Funding through savings and member contributions
The €5 million will be financed through a combination of internal cost savings, member contributions and potentially the Clearing House Reserve, the organisation's financial buffer. No external investors or partners are involved in the project.
Member contributions will remain stable for the time being. The annual fee per LIR (Local Internet Registry) account is €1,800 in 2026. Separate charges also apply: €75 per independent internet number resource assignment, €50 per ASN assignment and a one-time registration fee of €1,000 for new members.
The organisation indicates that the migration will place demands on its budget over the coming years, but that this should fit within the existing financial framework. Further details on the phasing of the €5 million have not yet been made public.

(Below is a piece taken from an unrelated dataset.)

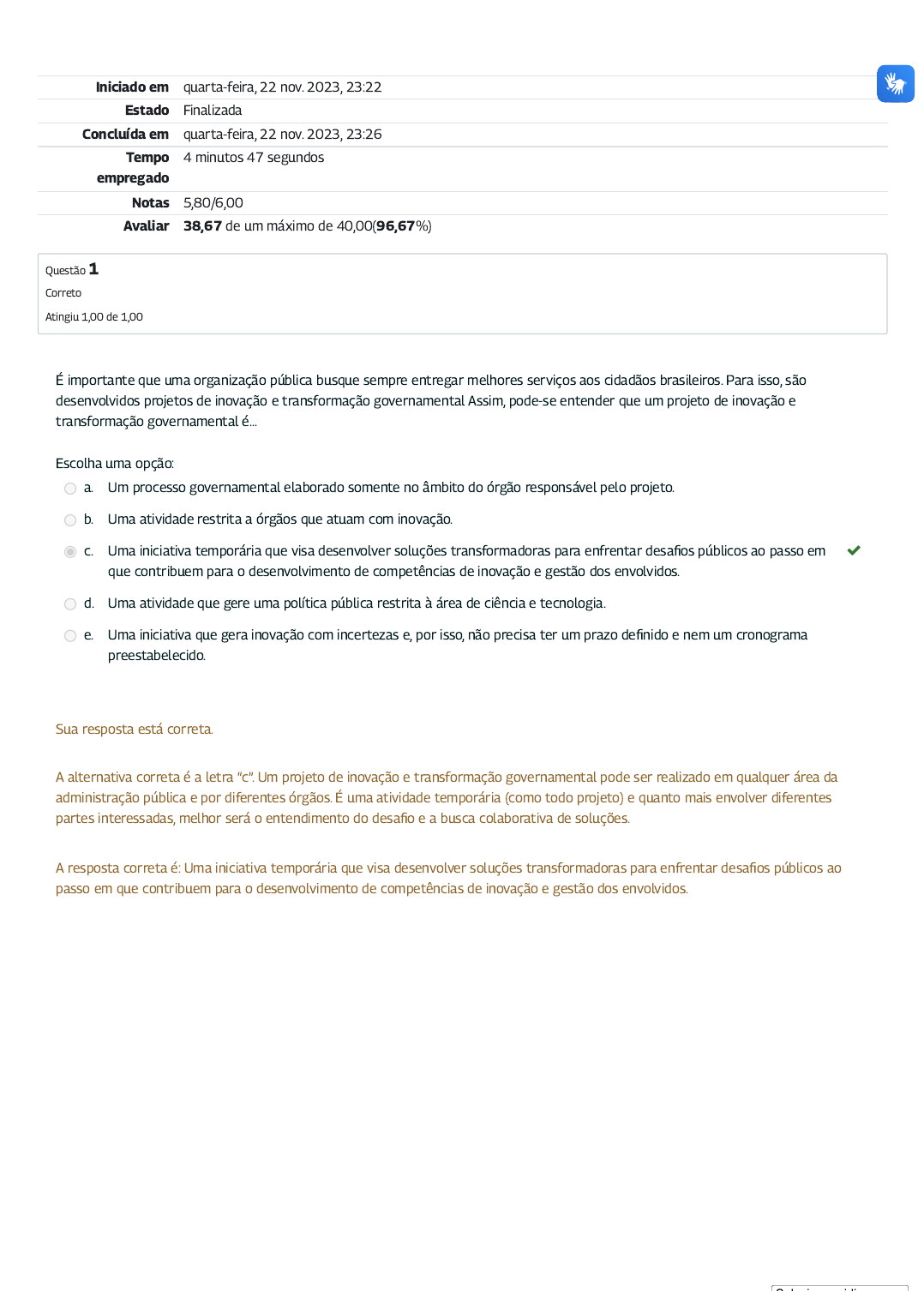 22/11/2023, 23:27 Exercício avaliativo - Módulo 1: Revisão da tentativa https://mooc41.escolavirtual.gov.br/mod/quiz/review.php?attempt=481902&cmid=13335 1/6 Iniciado em quarta-feira, 22 nov. 2023, 23:22 Estado Finalizada Concluída em quarta-feira, 22 nov. 2023, 23:26 Tempo empregado 4 minutos 47 segundos Notas 5,80/6,00 Avaliar 38,67 de um máximo de 40,00(96,67%) Questão 1 Correto Atingiu 1,00 de 1,00 É importante que uma organização pública busque sempre entregar melhores serviços aos cidadãos brasileiros. Para isso, são desenvolvidos projetos de inovação e transformação governamental Assim, pode-se entender que um projeto de inovação e transformação governamental é... Escolha uma opção: a. Um processo governamental elaborado somente no âmbito do órgão responsável pelo projeto. b. Uma atividade restrita a órgãos que atuam com inovação. c. Uma iniciativa temporária que visa desenvolver soluções transformadoras para enfrentar desa�os públicos ao passo em que contribuem para o desenvolvimento de competências de inovação e gestão dos envolvidos. d. Uma atividade que gere uma política pública restrita à área de ciência e tecnologia. e. Uma iniciativa que gera inovação com incertezas e, por isso, não precisa ter um prazo de�nido e nem um cronograma preestabelecido. Sua resposta está correta. A alternativa correta é a letra “c”. Um projeto de inovação e transformação governamental pode ser realizado em qualquer área da administração pública e por diferentes órgãos. É uma atividade temporária (como todo projeto) e quanto mais envolver diferentes partes interessadas, melhor será o entendimento do desa�o e a busca colaborativa de soluções. A resposta correta é: Uma iniciativa temporária que visa desenvolver soluções transformadoras para enfrentar desa�os públicos ao passo em que contribuem para o desenvolvimento de competências de inovação e gestão dos envolvidos. S l i idi 22/11/2023, 23:27 Exercício avaliativo - Módulo 1: Revisão da tentativa https://mooc41.escolavirtual.gov.br/mod/quiz/review.php?attempt=481902&cmid=13335 2/6 Questão 2 Parcialmente correto Atingiu 0,80 de 1,00 Analise a a�rmativa a seguir e julgue se as frases que a completam são verdadeiras ou falsas. A facilitação é o trabalho de facilitadores(as) no planejamento, na condução de um grupo e na sistematização dos resultados do trabalho colaborativo. Ela é importante em projetos de inovação e transformação governamental porque... a) favorece a participação dos diferentes envolvidos com o uso de técnicas e metodologias sob medida. b) cria condições para que a colaboração de todos e todas as partes envolvidas sejam consideradas. c) pode ser aplicada aos mais diferentes contextos e desa�os da administração pública. d) diminui a responsabilidade do órgão gestor do projeto na condução do mesmo. e) ajuda cada ator a compreender seu papel e ter voz ativa no projeto. Verdadeira Verdadeira Verdadeira Falsa Falsa Sua resposta está parcialmente correta. Você selecionou corretamente 4. As alternativas “a”, ”b”, “c” e “e” estão corretas porque a facilitação é a grande potencializadora da colaboração de cada um dos envolvidos na análise e na busca coletiva de soluções para desa�os públicos. Com a adoção de técnicas e metodologias de forma singular, pode ser aplicada aos mais diferentes contextos e desa�os da administração pública. Além disso, contribui para que cada parte interessada entenda seu papel e atue de forma coordenada. A letra “d” é falsa porque apesar da facilitação favorecer o trabalho colaborativo, isso não reduz a responsabilidade do órgão gestor do projeto na sua execução. Cada parte interessada tem seu papel e não cabe à facilitação interferir nisso. A resposta correta é: a) favorece a participação dos diferentes envolvidos com o uso de técnicas e metodologias sob medida. → Verdadeira, b) cria condições para que a colaboração de todos e todas as partes envolvidas sejam consideradas. → Verdadeira, c) pode ser aplicada aos mais diferentes contextos e desa�os da administração pública. → Verdadeira, d) diminui a responsabilidade do órgão gestor do projeto na condução do mesmo. → Falsa, e) ajuda cada ator a compreender seu papel e ter voz ativa no projeto. → Verdadeira. Selecione o idioma Powered by Tradutor https://translate.google.com/ https://translate.google.com/ 22/11/2023, 23:27 Exercício avaliativo - Módulo 1: Revisão da tentativa https://mooc41.escolavirtual.gov.br/mod/quiz/review.php?attempt=481902&cmid=13335 3/6 Questão 3 Correto Atingiu 1,00 de 1,00 Sobre os princípios da facilitação, identi�que as alternativas verdadeiras, marcando “V”, e as falsas, marcando “F”. a) A facilitação é guiada por quatro princípios básicos: respeito às pessoas, transparência do processo, participação igualitária e autonomia do grupo. b) Embora a autonomia do grupo seja um princípio, quem facilita deve estar atento para alcançar de qualquer forma os produtos demandados, mesmo que o grupo tenha uma visão divergente. c) O princípio de respeito às pessoas mostra a importância de quem facilita reconhecer, valorizar e ter empatia pelas pessoas em sua diversidade e especi�cidades. d) A transparência do processo é um princípio que contribui para que o/a facilitador/a ganhe a con�ança do grupo. e) A participação igualitária é uma premissa para a facilitação porque, em uma construção colaborativa, todos e todas devem ter igual oportunidade de participação, independente do seu cargo ou conhecimento técnico. V F V V V Sua resposta está correta. A alternativa “a” apresenta corretamente os quatro princípios básicos da facilitação. A alternativa “c”, também correta, destaca a importância de quem facilita desenvolver habilidades para respeitar a pluralidade das pessoas e suas singularidades

NIS2 and RPKI as regulatory context
The move to independent infrastructure aligns with broader European policy developments. The NIS2 directive imposes stricter requirements on organisations that manage critical digital infrastructure, and RIPE NCC falls into that category as the administrator of routing tables and IP address space.
The RPKI infrastructure also plays a concrete role. Resource Public Key Infrastructure is a security standard that prevents internet traffic from being rerouted via unintended paths. As more and more internet service providers and governments rely on RPKI for routing security, pressure on RIPE NCC to guarantee the availability and independence of this service is increasing. The SOC 2 Type II report from January 2026 was a first step in that direction; the infrastructure migration is the next.
Timeline and next steps
The project will run from 2026 through to 2028. The next opportunity for further clarification is RIPE 93, the biannual meeting of the RIPE community, which takes place from 26 to 30 October 2026 in Sofia, Bulgaria. Further details on progress and technical architecture are expected to be provided there.
RIPE NCC has not yet disclosed which European data centres or hosting partners will house the new infrastructure. The exact split between CAPEX and OPEX within the €5 million budget has also not been made public.
RIPE NCC's move fits into a broader trend in which European public and semi-public organisations are reconsidering their reliance on US cloud providers. Whether that trend proves structural will depend in part on how the availability and costs of European alternatives develop in the years ahead.